2. The remains, more or less perfect, of a staircase or staircases leading down to the sacred crypt containing a tomb of some great confessor known and honoured in the tradition of the Church.

3. The presence of a “luminare” or shaft, sometimes of considerable size, which was constructed to give light and air to a subterranean chamber in the Catacombs, indicated that in the immediate neighbourhood of the “luminare” an historic crypt had once existed. These openings or shafts were mostly the work of Pope Damasus and his successors in the latter years of the fourth and in the earlier years of the fifth centuries.

4. Below—in some of the ruined corridors of tombs and in certain of the cubicula or separate chambers leading out of the corridors—on the walls a number of “graffiti” or inscriptions, often very rudely graved or painted, are visible, some of the inscriptions or questions being simply a name, others containing a brief prayer for the writer or for one dear to the writer. It was evident that the presence of such inscriptions indicated the immediate neighbourhood of an historic crypt which once contained the remains of a revered “great one,”—not unfrequently the name of the “great one” was included in some of the graffiti.

Such “graffiti” were clearly the work of the many pilgrims to the Catacombs in the fifth and following centuries.

5. In certain of the cubicula or separate chambers leading out of the corridors, remains of paintings, evidently of a period much later than the original Catacomb work, are discernible—paintings which belong to the Byzantine rather than to any classical school of art, and which cannot be dated earlier than the sixth or seventh centuries. The existence of such later decorative work clearly indicated that the spot so adorned was one of traditional sanctity, and no doubt had been the resting-place of a venerated saint and martyr.

6. In his “materials” for the identification of the historic crypts De Rossi found the inscriptions of Pope Damasus, who died A.D. 384, of the greatest assistance.

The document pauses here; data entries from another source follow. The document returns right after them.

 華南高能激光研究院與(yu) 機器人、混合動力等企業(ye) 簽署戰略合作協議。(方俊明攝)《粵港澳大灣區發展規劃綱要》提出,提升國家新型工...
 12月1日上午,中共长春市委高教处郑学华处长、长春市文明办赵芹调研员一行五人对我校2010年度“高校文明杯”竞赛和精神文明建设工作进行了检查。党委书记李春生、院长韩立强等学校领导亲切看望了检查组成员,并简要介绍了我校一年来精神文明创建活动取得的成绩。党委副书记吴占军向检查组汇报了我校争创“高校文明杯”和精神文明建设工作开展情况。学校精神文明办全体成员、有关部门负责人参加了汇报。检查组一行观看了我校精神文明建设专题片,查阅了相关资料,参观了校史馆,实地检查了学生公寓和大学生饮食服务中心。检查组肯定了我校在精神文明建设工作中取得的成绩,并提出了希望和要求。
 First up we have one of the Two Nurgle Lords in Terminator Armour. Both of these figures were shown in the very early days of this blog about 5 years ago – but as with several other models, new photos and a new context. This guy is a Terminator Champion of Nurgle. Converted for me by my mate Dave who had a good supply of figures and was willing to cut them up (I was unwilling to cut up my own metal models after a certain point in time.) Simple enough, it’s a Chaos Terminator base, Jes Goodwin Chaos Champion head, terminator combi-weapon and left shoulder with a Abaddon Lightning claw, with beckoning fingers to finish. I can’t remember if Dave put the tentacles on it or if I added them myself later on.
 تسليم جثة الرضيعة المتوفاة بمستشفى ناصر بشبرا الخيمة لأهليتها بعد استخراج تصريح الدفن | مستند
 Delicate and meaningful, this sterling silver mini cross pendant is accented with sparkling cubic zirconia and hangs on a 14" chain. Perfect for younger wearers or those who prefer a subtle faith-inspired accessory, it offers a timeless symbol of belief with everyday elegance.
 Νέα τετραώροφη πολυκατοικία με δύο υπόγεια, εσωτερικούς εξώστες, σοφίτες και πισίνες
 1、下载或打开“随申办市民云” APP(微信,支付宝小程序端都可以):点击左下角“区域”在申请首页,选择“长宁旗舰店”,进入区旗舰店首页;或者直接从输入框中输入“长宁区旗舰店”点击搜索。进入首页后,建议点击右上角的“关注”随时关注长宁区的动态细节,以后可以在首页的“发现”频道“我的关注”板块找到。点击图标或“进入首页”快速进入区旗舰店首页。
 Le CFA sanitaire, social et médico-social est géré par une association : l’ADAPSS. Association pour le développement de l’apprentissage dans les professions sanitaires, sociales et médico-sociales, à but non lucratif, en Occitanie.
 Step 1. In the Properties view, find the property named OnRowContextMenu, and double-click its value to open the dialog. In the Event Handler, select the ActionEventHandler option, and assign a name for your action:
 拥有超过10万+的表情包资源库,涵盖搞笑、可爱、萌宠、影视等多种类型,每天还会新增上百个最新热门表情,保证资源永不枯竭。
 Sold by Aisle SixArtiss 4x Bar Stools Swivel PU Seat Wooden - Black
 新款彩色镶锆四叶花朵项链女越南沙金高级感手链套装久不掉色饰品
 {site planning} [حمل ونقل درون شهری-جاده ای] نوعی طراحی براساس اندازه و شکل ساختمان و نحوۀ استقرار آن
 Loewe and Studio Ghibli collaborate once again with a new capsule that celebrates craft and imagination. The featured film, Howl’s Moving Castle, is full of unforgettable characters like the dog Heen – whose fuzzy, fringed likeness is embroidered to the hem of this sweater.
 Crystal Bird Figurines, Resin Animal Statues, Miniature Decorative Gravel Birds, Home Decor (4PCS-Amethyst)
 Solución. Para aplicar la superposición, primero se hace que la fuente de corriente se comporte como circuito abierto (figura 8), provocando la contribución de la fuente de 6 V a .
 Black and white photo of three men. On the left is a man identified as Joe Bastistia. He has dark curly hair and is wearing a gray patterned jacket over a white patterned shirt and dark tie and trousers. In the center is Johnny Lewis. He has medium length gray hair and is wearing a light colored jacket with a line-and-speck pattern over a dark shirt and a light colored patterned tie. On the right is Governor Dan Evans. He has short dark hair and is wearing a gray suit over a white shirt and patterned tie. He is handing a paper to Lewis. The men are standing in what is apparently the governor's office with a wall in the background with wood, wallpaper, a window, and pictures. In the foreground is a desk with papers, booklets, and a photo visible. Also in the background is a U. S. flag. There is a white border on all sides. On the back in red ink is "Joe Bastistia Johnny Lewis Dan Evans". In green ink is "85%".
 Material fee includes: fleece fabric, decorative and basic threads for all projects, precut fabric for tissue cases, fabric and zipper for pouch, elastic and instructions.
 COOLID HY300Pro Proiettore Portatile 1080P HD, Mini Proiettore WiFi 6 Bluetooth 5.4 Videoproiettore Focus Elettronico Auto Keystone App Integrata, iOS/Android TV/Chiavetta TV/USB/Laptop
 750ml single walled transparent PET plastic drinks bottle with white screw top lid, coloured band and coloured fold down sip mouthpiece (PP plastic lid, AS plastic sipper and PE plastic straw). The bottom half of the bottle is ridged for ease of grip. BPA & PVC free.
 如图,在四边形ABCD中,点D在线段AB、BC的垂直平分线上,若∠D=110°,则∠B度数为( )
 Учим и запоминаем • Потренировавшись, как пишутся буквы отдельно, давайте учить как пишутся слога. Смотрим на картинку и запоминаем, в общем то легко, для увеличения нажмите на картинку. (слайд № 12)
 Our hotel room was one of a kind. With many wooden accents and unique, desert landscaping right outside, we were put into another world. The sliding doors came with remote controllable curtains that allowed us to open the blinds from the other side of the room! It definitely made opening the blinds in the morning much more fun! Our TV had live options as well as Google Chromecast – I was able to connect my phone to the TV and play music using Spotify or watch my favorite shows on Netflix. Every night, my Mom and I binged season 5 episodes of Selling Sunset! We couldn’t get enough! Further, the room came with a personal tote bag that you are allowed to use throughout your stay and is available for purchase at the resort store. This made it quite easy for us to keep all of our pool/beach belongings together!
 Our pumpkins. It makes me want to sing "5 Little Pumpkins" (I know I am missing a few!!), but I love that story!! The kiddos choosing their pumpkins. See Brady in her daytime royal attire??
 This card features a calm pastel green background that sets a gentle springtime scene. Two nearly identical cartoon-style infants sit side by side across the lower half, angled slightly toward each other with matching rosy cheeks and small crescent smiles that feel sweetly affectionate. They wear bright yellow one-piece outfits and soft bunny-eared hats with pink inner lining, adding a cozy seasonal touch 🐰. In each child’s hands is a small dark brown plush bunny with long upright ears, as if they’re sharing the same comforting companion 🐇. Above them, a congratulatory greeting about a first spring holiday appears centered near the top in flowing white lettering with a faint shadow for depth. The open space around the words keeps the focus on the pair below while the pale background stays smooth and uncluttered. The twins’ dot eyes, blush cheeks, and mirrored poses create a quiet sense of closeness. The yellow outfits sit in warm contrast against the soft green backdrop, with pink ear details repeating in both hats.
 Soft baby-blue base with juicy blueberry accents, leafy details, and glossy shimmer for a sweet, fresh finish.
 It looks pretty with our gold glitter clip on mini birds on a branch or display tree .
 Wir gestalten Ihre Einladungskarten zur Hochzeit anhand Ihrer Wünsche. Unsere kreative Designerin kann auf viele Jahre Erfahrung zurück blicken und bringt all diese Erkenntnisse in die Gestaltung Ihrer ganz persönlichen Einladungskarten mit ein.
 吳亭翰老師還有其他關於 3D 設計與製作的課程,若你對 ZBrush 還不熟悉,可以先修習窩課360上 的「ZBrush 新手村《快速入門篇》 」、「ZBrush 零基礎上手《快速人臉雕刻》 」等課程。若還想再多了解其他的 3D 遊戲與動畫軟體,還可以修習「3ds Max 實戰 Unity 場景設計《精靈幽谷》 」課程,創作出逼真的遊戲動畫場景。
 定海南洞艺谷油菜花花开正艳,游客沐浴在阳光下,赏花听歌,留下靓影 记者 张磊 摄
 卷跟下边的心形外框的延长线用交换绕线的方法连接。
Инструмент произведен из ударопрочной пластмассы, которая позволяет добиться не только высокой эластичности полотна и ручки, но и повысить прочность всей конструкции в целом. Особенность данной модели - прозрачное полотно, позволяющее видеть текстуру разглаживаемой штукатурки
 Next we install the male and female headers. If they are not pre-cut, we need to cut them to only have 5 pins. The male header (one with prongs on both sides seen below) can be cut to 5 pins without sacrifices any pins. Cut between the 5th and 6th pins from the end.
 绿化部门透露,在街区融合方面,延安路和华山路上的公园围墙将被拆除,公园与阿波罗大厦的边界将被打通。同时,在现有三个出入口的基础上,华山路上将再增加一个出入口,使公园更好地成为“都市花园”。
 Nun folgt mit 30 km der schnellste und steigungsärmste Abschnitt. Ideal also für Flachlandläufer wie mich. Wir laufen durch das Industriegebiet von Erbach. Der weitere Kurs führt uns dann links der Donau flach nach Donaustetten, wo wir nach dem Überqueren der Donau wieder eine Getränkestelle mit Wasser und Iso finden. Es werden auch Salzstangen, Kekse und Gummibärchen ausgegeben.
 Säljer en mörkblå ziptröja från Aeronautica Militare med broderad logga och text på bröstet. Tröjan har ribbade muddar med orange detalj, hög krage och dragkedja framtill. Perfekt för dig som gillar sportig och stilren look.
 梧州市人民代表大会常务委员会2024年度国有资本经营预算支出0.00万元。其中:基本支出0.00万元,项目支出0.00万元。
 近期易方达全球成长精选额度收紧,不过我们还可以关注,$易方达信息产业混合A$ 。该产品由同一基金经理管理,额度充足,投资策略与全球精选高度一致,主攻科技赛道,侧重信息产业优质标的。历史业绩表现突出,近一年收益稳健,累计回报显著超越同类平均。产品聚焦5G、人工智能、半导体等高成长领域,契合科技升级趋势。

Damasus’ love for and work in the Catacombs is well known. He was a considerable poet, and precious fragments of poetical inscriptions composed by him have been found in many of the more important Catacombs which have been explored. These inscriptions were engraved on marble tablets by his friend and skilful artist Furius Dionysius Filocalus in clear beautiful characters. These fragments have been in many cases put together, and where the broken pieces were wanting have been wonderfully restored with the aid of “syllogæ” or collections of early Christian inscriptions gathered mostly in the ninth century by the industry of the monks. These “syllogæ” or collections have preserved for us some forty of the inscriptions of Pope Damasus in honour of martyrs and confessors buried in the Catacombs. With perhaps one solitary exception, they are all written in hexameter verse.

Such collections of early Christian inscriptions have been preserved in the libraries of such monasteries as Einsiedeln, S. Riquier, S. Gall, etc.

The result of the forty years of De Rossi’s researches and work in the Catacombs, based on the above-mentioned historical documents and on the evidence derived from what he found in the ruined corridors of tombs and the chambers leading out of them, has been that, whereas before his time at most three important historical crypts were known, now already more than fifteen[122] of these have been clearly identified, a wonderful and striking proof of the reality of the sufferings and constancy of the heroes and heroines of the faith in the first two hundred and fifty years of the existence of the religion of Jesus—sufferings and constancy which resulted in the final triumph of Christianity.